## Task goal
Each line of the data below between the one containing "Instead of constructive" and the one containing "钟界沸0.5 雍和家园一期 3室2厅 201.89平", both included, is to be repeated exactly. Please omit pictures.

## Provided information

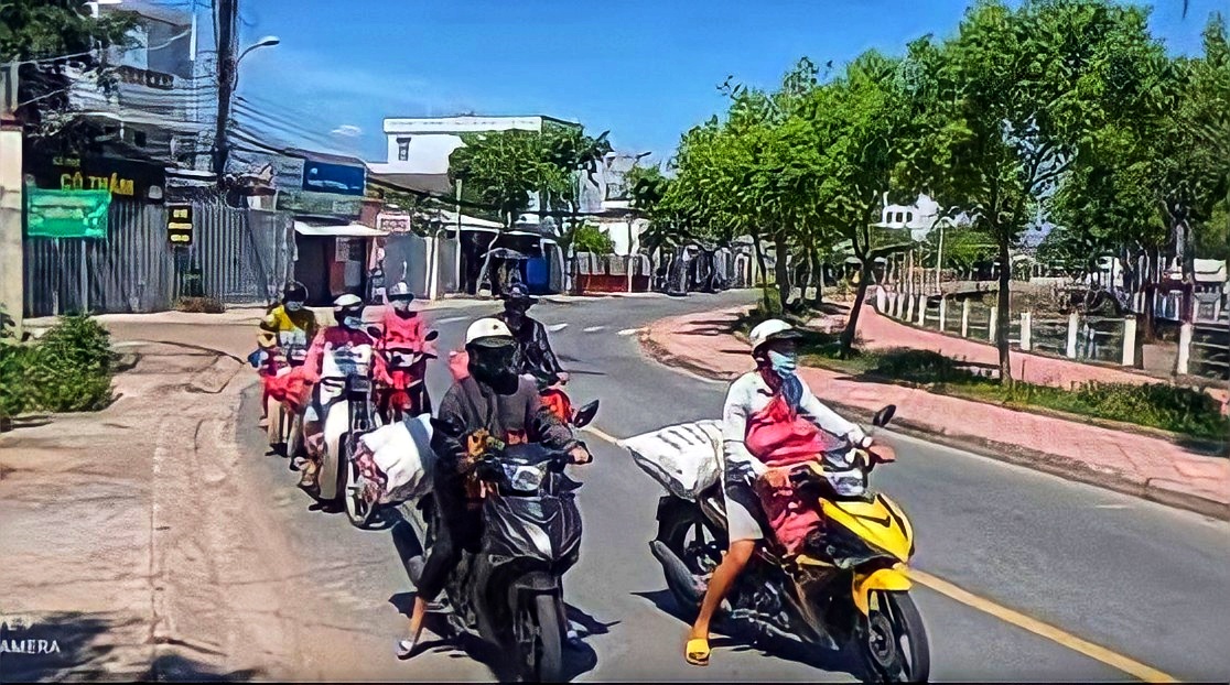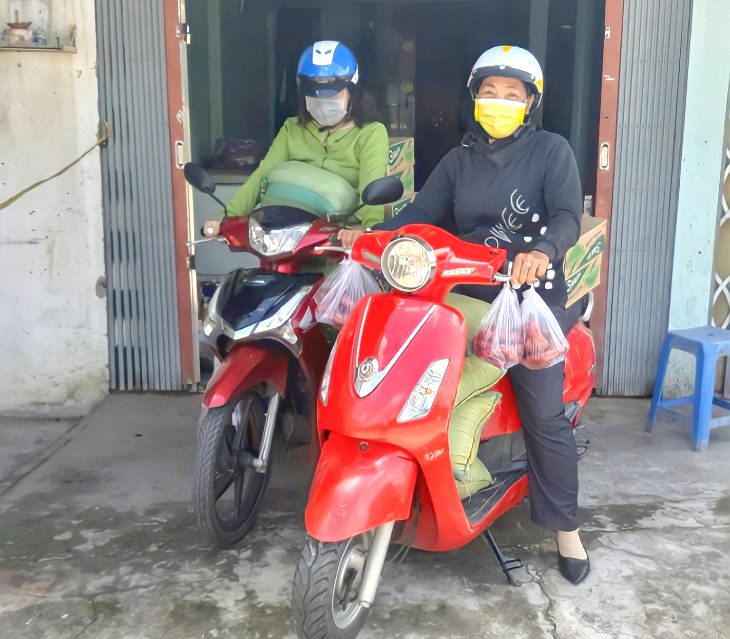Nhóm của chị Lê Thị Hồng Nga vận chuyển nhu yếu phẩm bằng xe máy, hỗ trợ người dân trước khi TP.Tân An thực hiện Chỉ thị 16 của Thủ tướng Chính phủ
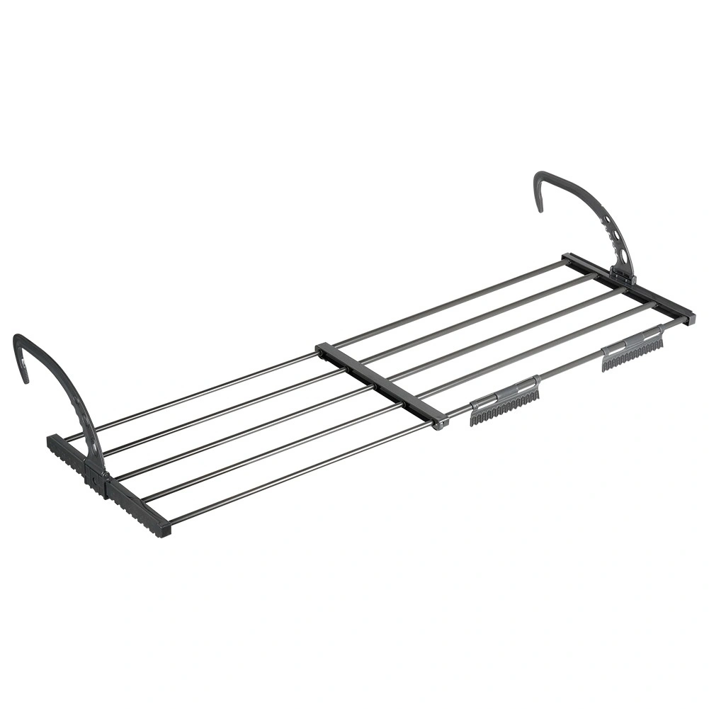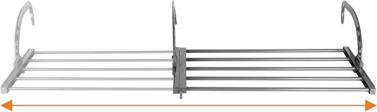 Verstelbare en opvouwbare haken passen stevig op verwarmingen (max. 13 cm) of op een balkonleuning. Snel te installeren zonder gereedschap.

* * *

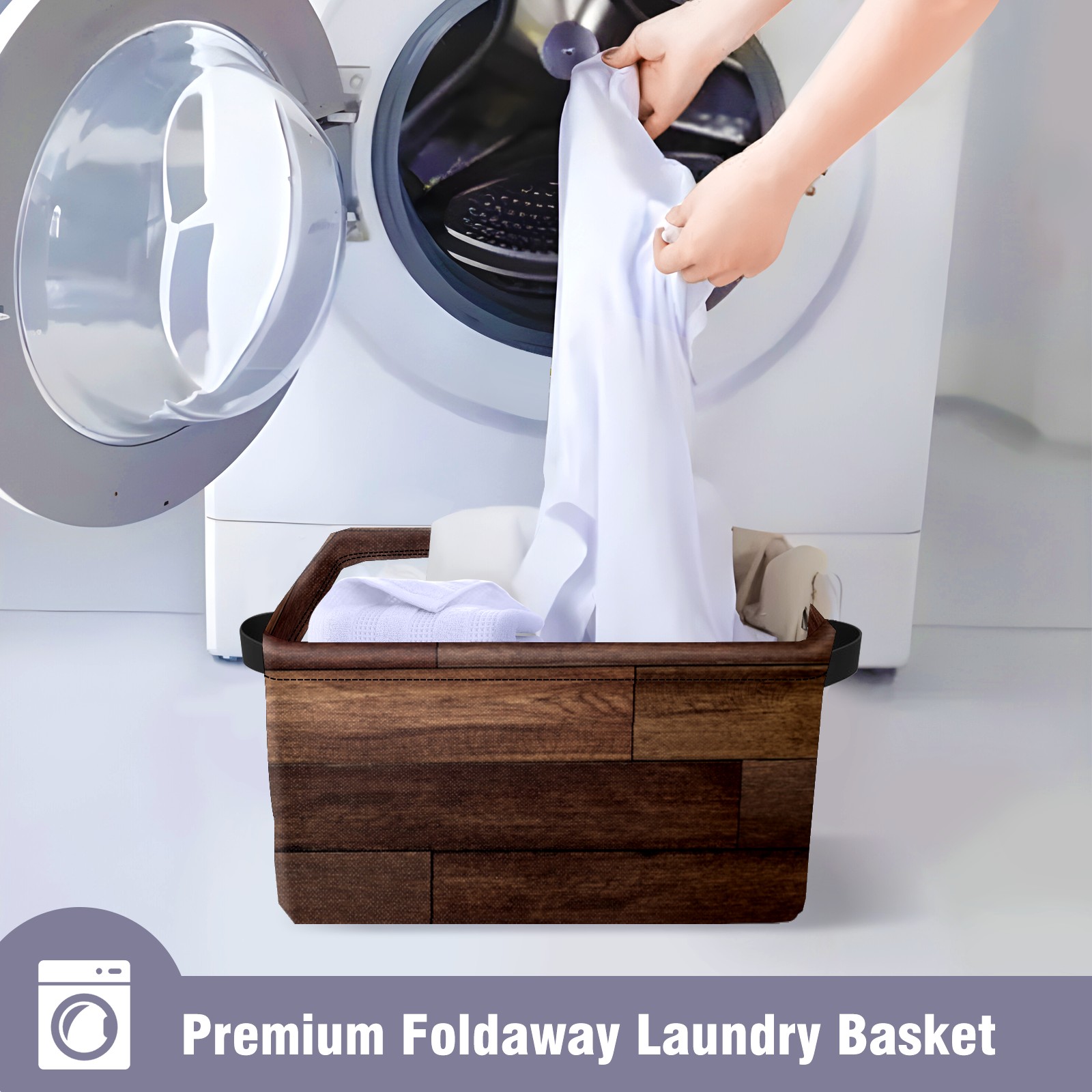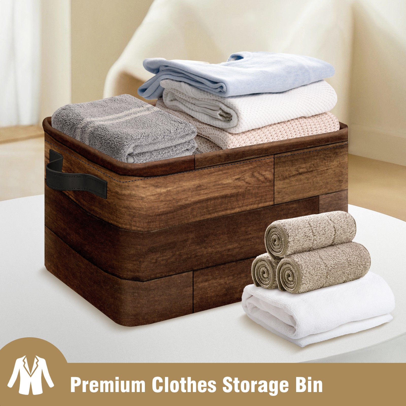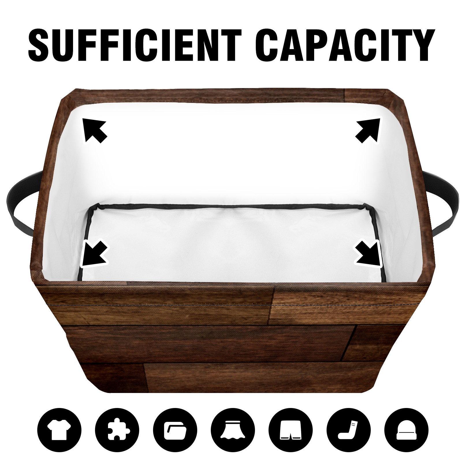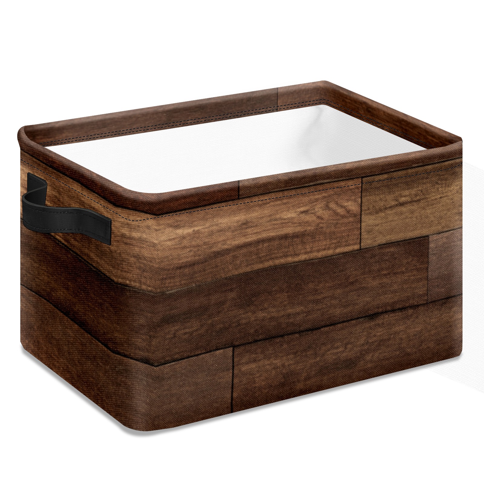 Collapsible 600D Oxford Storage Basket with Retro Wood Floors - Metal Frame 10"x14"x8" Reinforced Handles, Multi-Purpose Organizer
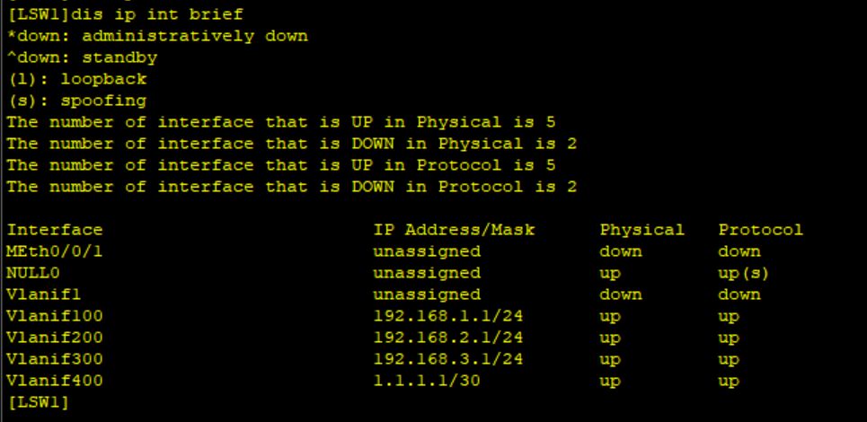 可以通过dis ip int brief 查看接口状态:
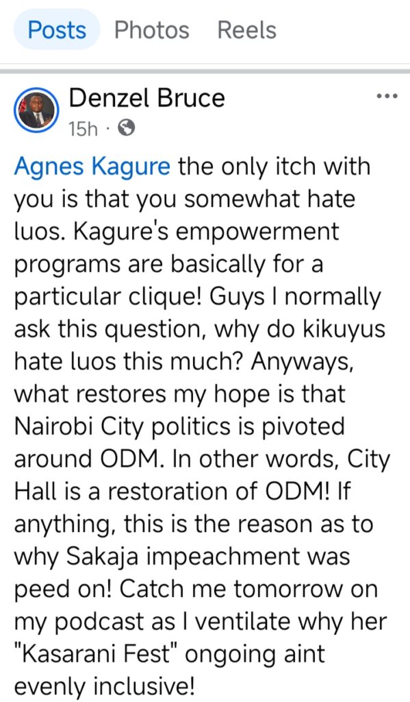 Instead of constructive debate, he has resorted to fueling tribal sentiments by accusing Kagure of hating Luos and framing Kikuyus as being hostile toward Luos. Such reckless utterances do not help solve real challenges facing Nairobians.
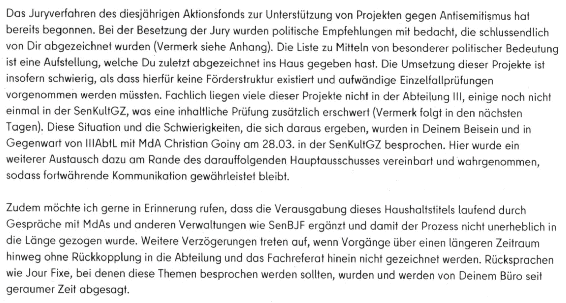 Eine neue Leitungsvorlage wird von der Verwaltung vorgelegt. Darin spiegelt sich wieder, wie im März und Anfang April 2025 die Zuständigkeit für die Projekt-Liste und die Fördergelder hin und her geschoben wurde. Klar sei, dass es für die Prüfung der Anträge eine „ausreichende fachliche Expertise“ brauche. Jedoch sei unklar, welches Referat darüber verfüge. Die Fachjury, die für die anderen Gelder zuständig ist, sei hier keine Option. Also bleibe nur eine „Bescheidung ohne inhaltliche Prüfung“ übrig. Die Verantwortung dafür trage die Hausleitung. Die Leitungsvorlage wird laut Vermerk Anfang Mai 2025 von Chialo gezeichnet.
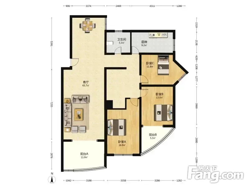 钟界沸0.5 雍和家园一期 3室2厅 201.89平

---

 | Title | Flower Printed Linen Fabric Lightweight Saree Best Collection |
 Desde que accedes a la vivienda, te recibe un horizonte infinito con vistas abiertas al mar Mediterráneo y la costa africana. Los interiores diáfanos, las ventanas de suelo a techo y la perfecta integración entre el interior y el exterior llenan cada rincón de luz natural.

## Finished exercise
 Instead of constructive debate, he has resorted to fueling tribal sentiments by accusing Kagure of hating Luos and framing Kikuyus as being hostile toward Luos. Such reckless utterances do not help solve real challenges facing Nairobians.
 Eine neue Leitungsvorlage wird von der Verwaltung vorgelegt. Darin spiegelt sich wieder, wie im März und Anfang April 2025 die Zuständigkeit für die Projekt-Liste und die Fördergelder hin und her geschoben wurde. Klar sei, dass es für die Prüfung der Anträge eine „ausreichende fachliche Expertise“ brauche. Jedoch sei unklar, welches Referat darüber verfüge. Die Fachjury, die für die anderen Gelder zuständig ist, sei hier keine Option. Also bleibe nur eine „Bescheidung ohne inhaltliche Prüfung“ übrig. Die Verantwortung dafür trage die Hausleitung. Die Leitungsvorlage wird laut Vermerk Anfang Mai 2025 von Chialo gezeichnet.
 钟界沸0.5 雍和家园一期 3室2厅 201.89平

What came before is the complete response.